Spain has unveiled an ambitious new funding initiative that promises to reshape the country’s clean energy manufacturing landscape through substantial financial support for innovative technologies. The comprehensive program represents a significant expansion from previous efforts, incorporating hydrogen projects alongside traditional renewable energy initiatives for the first time. This strategic shift demonstrates Spain’s commitment to establishing itself as a major player in Europe’s emerging hydrogen economy.
RENOVAL2 program expands beyond traditional renewable energy sectors
The Spanish Ministry of Ecological Transition has introduced the RENOVAL2 project, which has available financial support of up to €355 million to promote local capabilities for manufacturing clean technology. The project has expanded its focus to include hydrogen technology equipment and components, solar photovoltaic technology, wind technology, energy storage technology, and geothermal technology. The project has expanded its focus as Spain embraces the manufacturing aspect of clean technology, as opposed to the technology.
The programme shall be managed by the Institute for Energy Diversification and Savings (IDAE), and the funds shall be provided through Spain’s Recovery and Resilience Plan by NextGenEU. The investment in the country’s manufacturing sector shall cover the entire value chain, from basic to finished products. The reason behind all these is that Spain is working towards developing its own environments for its manufacturing sectors from scratch and not through the use of international value chains.
Models of funding are developed with projects of varying sizes in consideration
The RENOVAL2 scheme has allocated the available funds into two tracks depending on the size of the projects. The small schemes of projects between €1-30 million compete for funds of €25 million, while larger projects above €30 million are supported by the remaining funds of €330 million. The projects also have an upper limit of funds of €150 million, which is 15% of the scheme costs. The broad focus of the RENOVAL2 scheme reflects Spain’s ambitions of establishing itself as a full-fledged clean technology production base.
Applicants for the new scheme will be received from Thursday, 22 January, to Wednesday, 25 February, 2026. For this scheme, the basic aid intensity is fixed at 15% aid costs, but has the potential to rise to a maximum of 35% for schemes that are located in the approved development areas, in addition to the special aid that targets small to medium enterprises. However, the final subsidies will be granted after the success of the project.

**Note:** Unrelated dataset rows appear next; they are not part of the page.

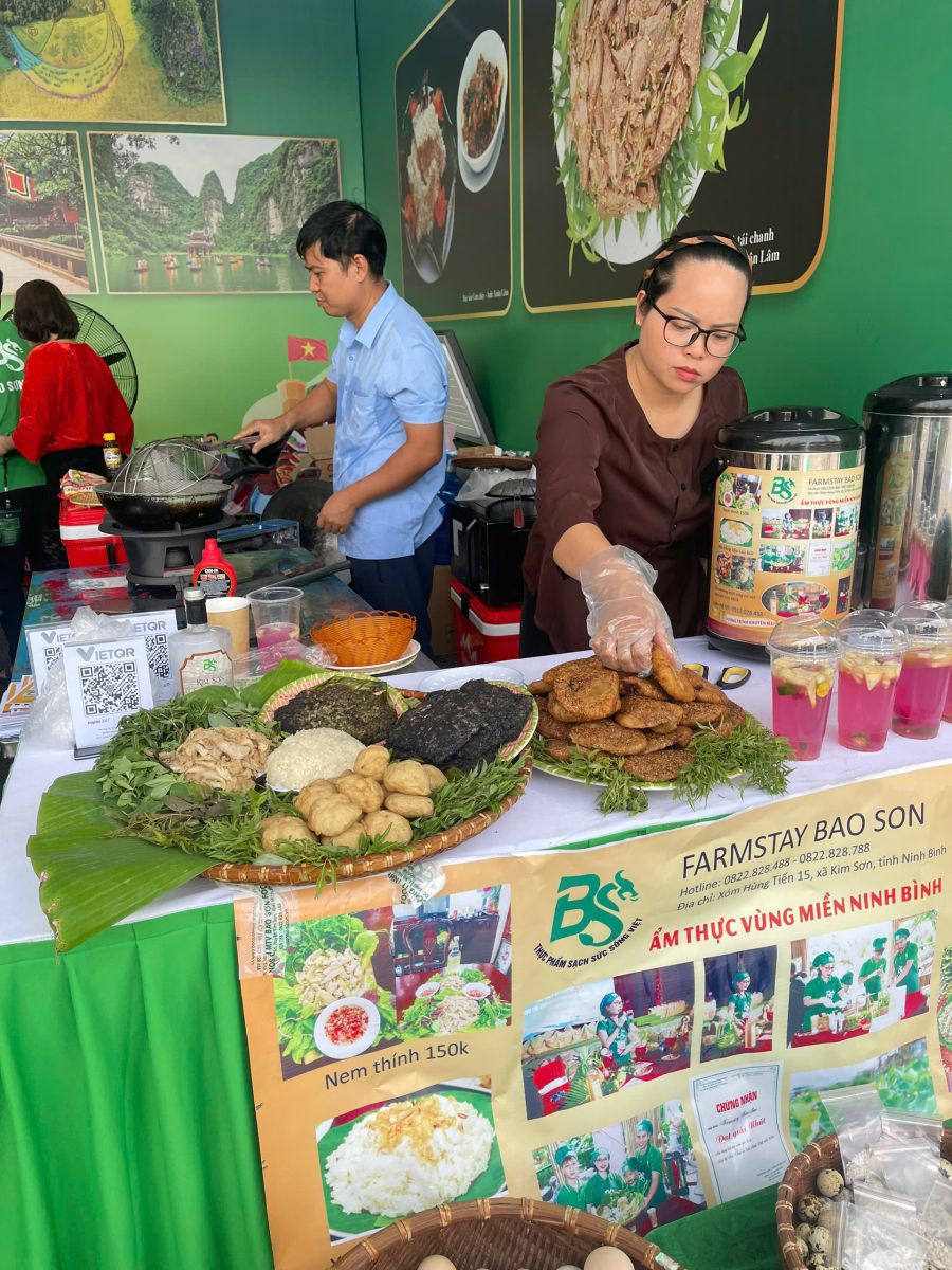Gian hàng không chỉ đẹp mắt mà còn giàu trải nghiệm. Du khách được thưởng thức các sản vật trứ danh như cơm cháy chà bông, dê núi tiệc truyền thống, nem Yên Mạc, mắm tép Gia Thủy, … Mỗi sản phẩm đều có câu chuyện văn hóa và vùng nguyên liệu rõ ràng, làm tăng sức thuyết phục và giá trị thương hiệu.
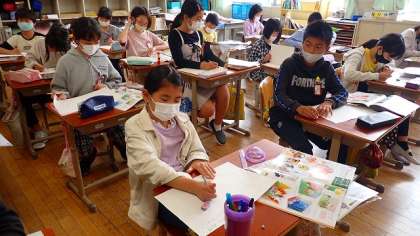5年生は,図工の「ミラクル!ミラーステージ」の作品づくりに取り組んでいます。
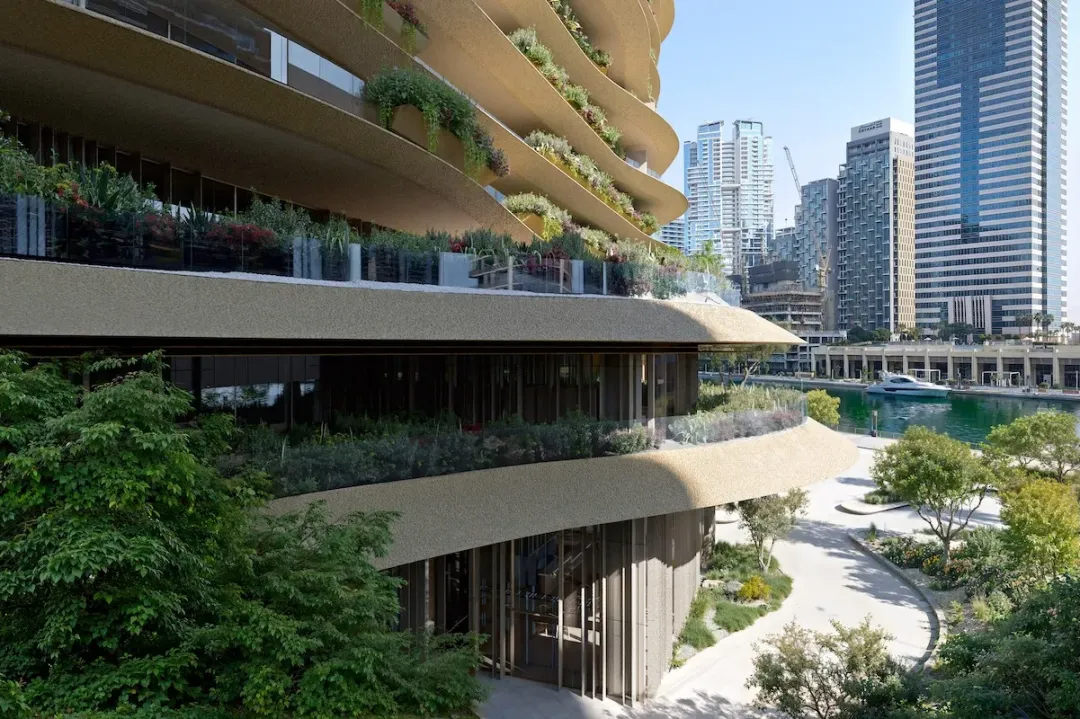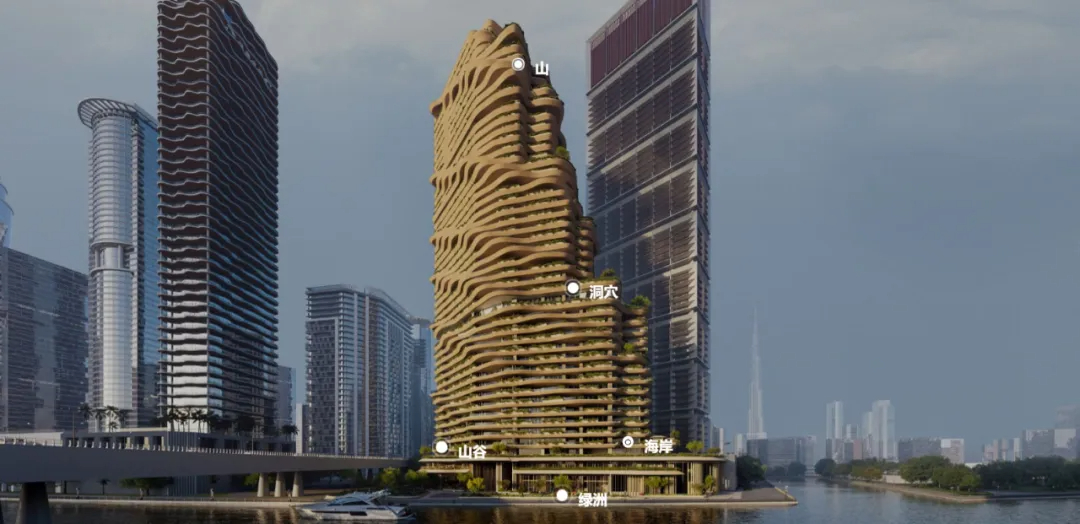 项目的核心灵感源于“水与沙的自然流动”。建筑立面摒弃了玻璃幕墙的冰冷,以层叠错落的造型模仿沙漠风蚀地貌与流水波纹,构筑出一座充满动态韵律的“垂直山谷”。这种将自然形态抽象化于现代建筑的手法,让塔楼本身成为连接城市与自然的雕塑。

European clean technology sovereignty is strengthened by strategic positioning
The RENOVAL2 Scheme in Spain is an example that has been driven by the key gaps in clean tech production capacity that exist within the European continent and the growing competition in global supply chains. It currently produces 95% of its components for wind energy and 62% of its solar energy components in Spain, and there are also huge opportunities within this sector and others that are yet more niche, including hydrogen plants and energy storage installations. Arc furnaces and iron reduction units, for example, require hydrogen technologies.
This investment phase follows the success of the initial RENOVAL scheme, through which a total of over €210 million was distributed among seven photovoltaic solar manufacturing initiatives back in March of 2025. Other notable beneficiaries of the scheme included Sunwafe, courtesy of a €200 million investment for the construction of a 20GW wafer production facility, as well as Dutch manufacturer MCPV, for the construction of a 2.5GW heterojunction module assembly production plant located in the northern Spanish region.
The Spanish RENOVAL2 project, valued at €355 million, is a revolutionary measure in the adoption and manufacturing of clean energy, moving forward from conventional technologies to hydrogen and other newer fields. This project marks the beginning of a new era in the adoption and manufacture of clean energy in the European context, meeting the critical climate change objectives. The project challenges the government to start the selection processes by January 2026.